Homework #1: Collaborative Crochet for a Purpose
This project is intended to provide a space for you to investigate:
the crochet process / how an artwork might exist well in multiple contexts (”white cube” AND _______) / explore how art functions and meaning communicates in art / explore how fiber might contribute or add to this function in meaningful ways / explore ideas of site specificity, performance and participation
You will be investigating this thorugh the creation of a homework project as a collaborative team of 2-3 artists.
1.) Use crochet* (can also incorporate other materials, and processes as the artwork dictates).
2.) Design, construct and present an object with a specific purpose or function, for a specific audience. The object can be functional in a variety of ways, not simply the obvious ones. (Look at the artist project examples posted above to help you think through your ideas….)
3.) Consider the multiple contexts of your project. The work is presented at the critique, but likely also exists in another context (for a particular person, place, thing, event….) beyond the critique (assuming that your classmates are not the intended audience of the work). How can you insure this meaningfulness of your project is an included part of what we see and discuss in our critique? This is one of the challenges of this project.
4.) Documentation and presentation matter and contribute to how viewers understand the work in the critical space of a gallery context. Both of these components of the work should be considered as thoughtfully as the art object/s.
Completed projects will be due and critiqued during class on Thursday February 29th.
a student last Spring created this crocheted project for a particular individual, knowing it would also be on view for an art audience in our critique conversation. Because the artist's sister ate a banana everyday in her car on the way to work, the artist used this project as an excuse to invent a device that would hold a banana for safe transport in a vehicle. Her fiber banana carrying case was BOTH displayed as an artwork on the wall, but also included a short video showing the work in its original home context.
We benefit from another earlier iteration of this project in our fiber studio everyday: the snack stool. This is a great example of students using the concept of function and the crochet process to completely transform an object for a particular purpose. The yarn bombed stool serves the fiber class community by providing a zone for snacking in the otherwise food free studio! A yarn bombing project is one great option to think about for this collaborative project.
The next 3 images articulate different facets of an artist project called “Congratulations and Celebrations”. This was an interactive project by artist Ellen Lesperance which invited participants to engage with a sweater designed and knit by the artist and also exhibited regularly in the gallery context. The sweater is emblazoned with a battle axe and it is to be worn by any member of the public who wishes to engage in a solo performance which promotes personal agency.

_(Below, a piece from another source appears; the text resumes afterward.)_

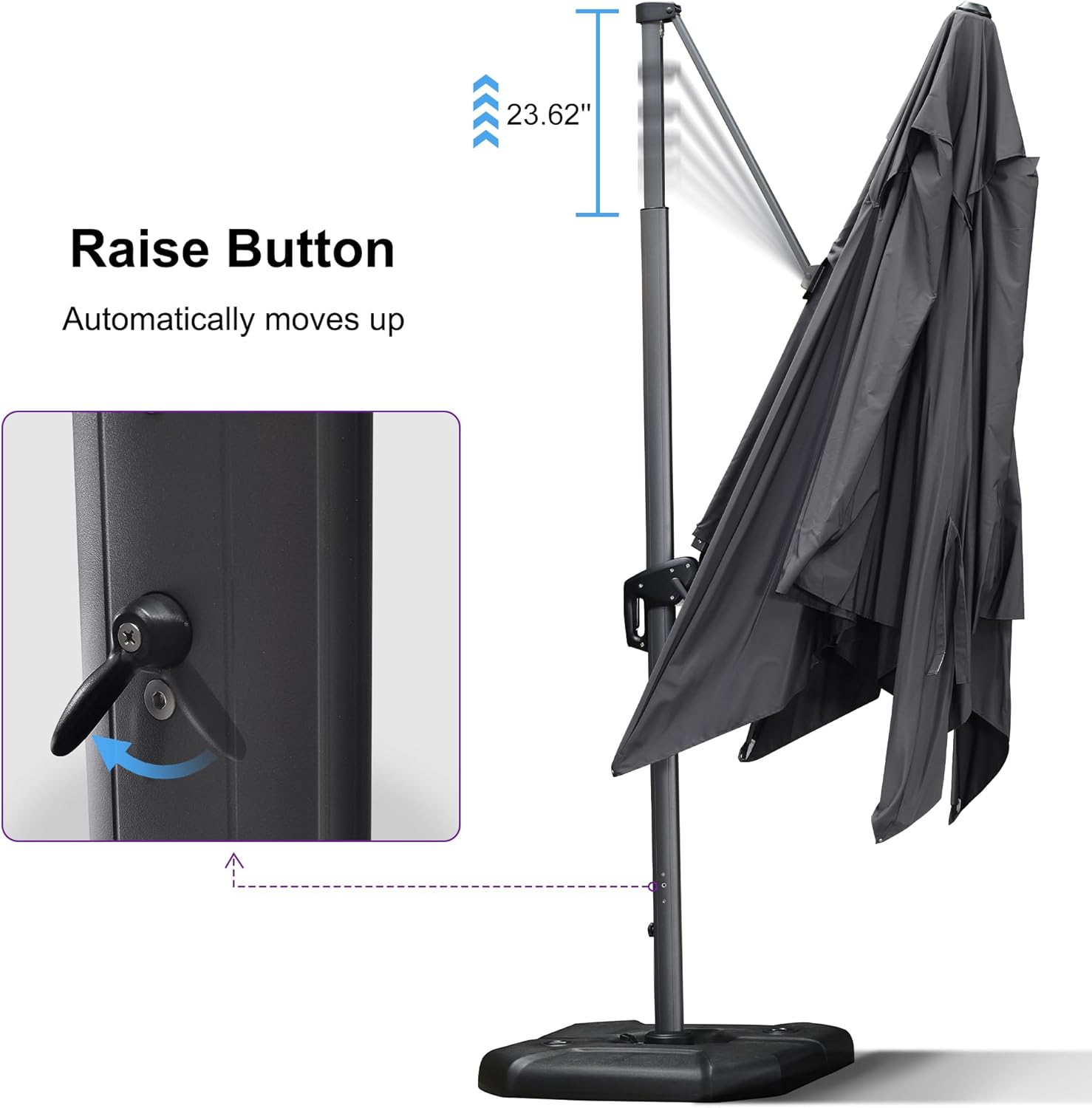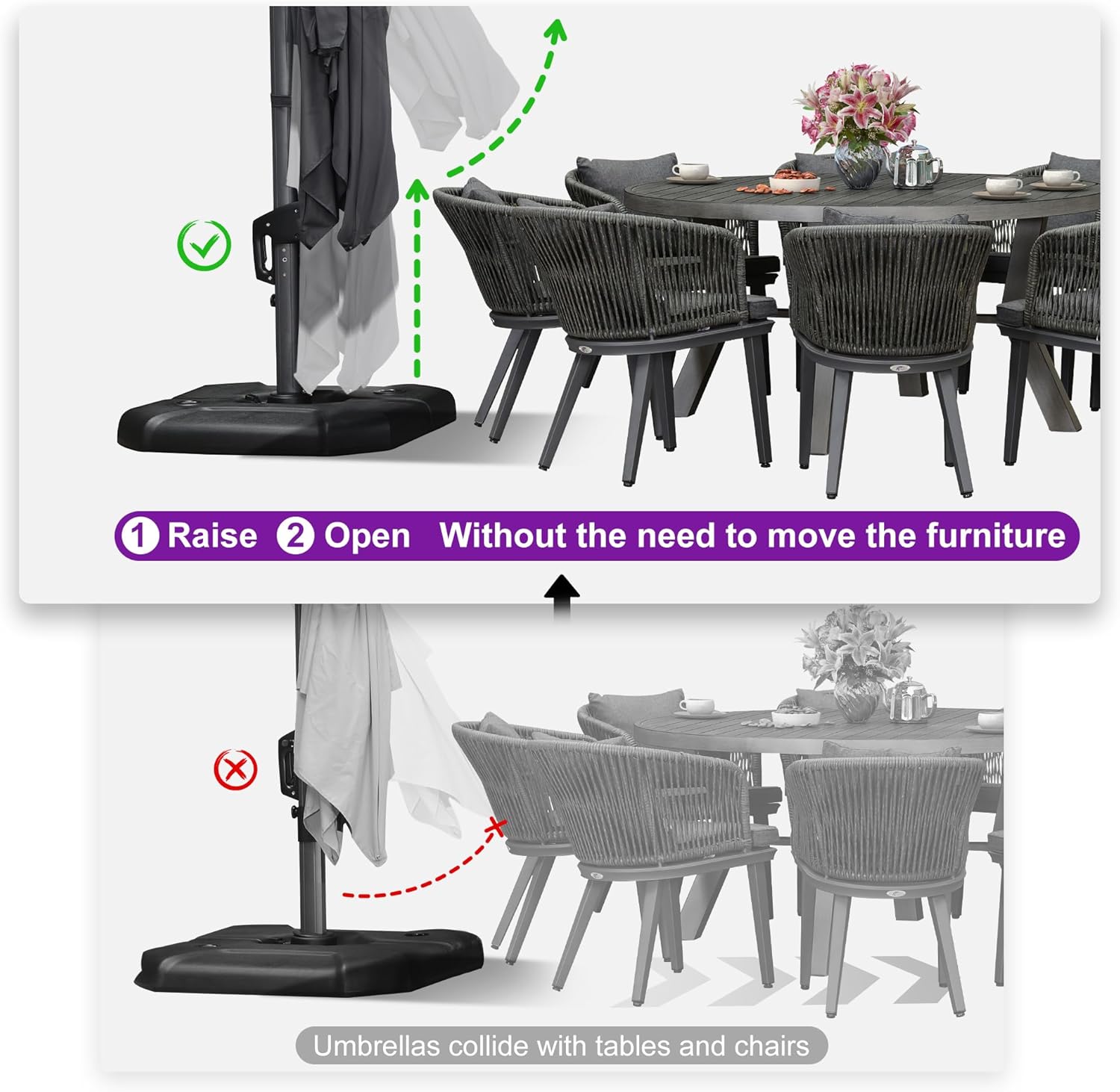 - Five-level Adjustment & 360Β° Rotation: The crank system of this cantilever umbrella makes it easy to raise and lower the canopy, the unique handle design also makes tilting the patio umbrella effortless, foot pedal allows for complete 360 degree rotation
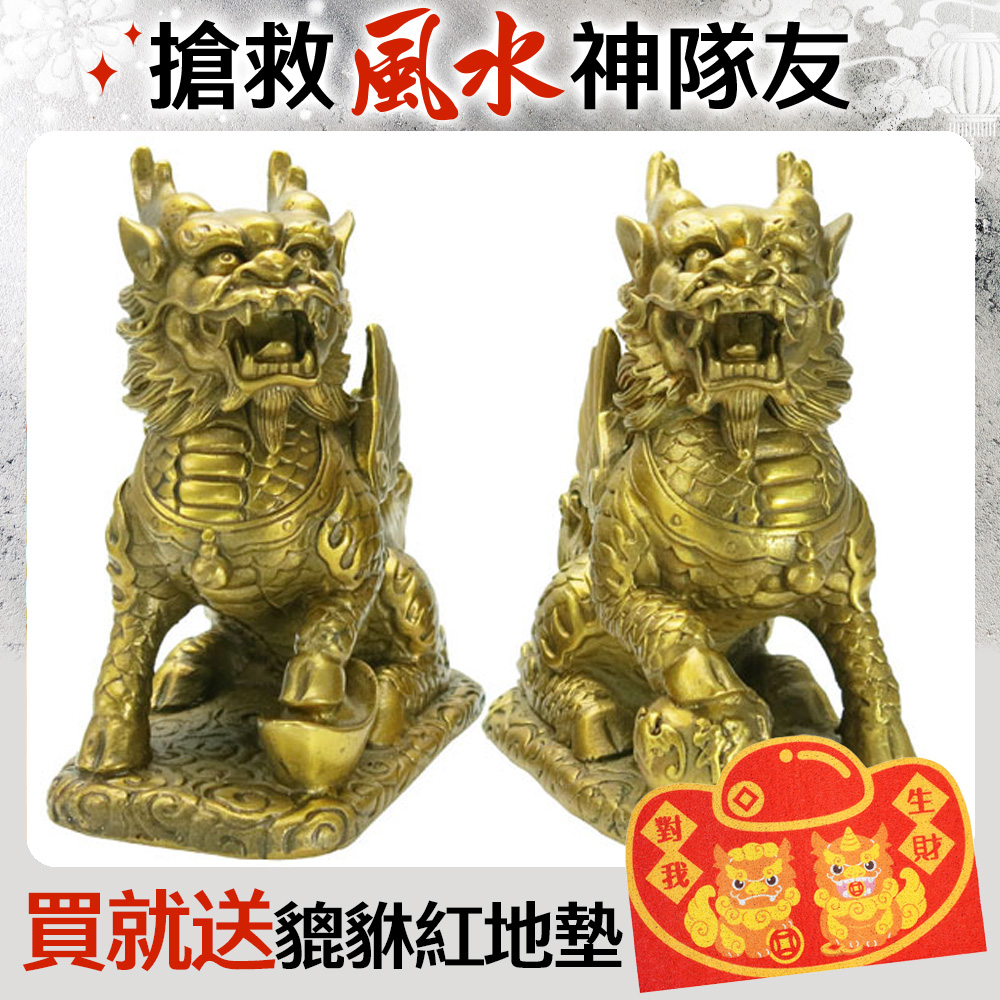 麒麟:古時稱為「仁獸」,為吉祥仁慈之瑞獸,有護宅和招財進寶作用,被稱為「風水獸之王」。若有居住不安寧、常生病、多意外災害者,藉由麒麟能消災解難、驅除邪魔、化解煞氣、居安引財、化煞為財,可說是居家風水招財改運的最佳法寶。

Here is a link to a 2016 exhibition featuring the sweater in LA. Here is a link to the archive of past participants on an instagram page.
The final 2 images are an artwork project called “The Boarders” by French artist Annette Messager in 1972. They show two different views of the project.
This project involves 72 small taxidermized sparrows, each wrapped in custom made sweaters created by the artist and displayed in tidy organized rows. Her work of mourning is not fast, easy or quickly forgotten. The labor of making each individual sweater is a conscious, slow, deliberate kind of mourning for a creature ordinarily missed or passed by.
The artist talked about this project as important to her development of an artist when she said:
“I found my voice as an artist when I stepped on a dead sparrow on a street in Paris in 1971. I didn’t know why, but I was sure this sparrow was important because it was something very fragile that was near me and my life. Like the people I love, these small birds were always around me, yet they remained strange and mysterious. So I picked up the sparrow, took it home and knit a wool wrap for it. Why? I can’t say. You want to do something and don’t know why – all you know is that you have no choice, that it’s a necessity.”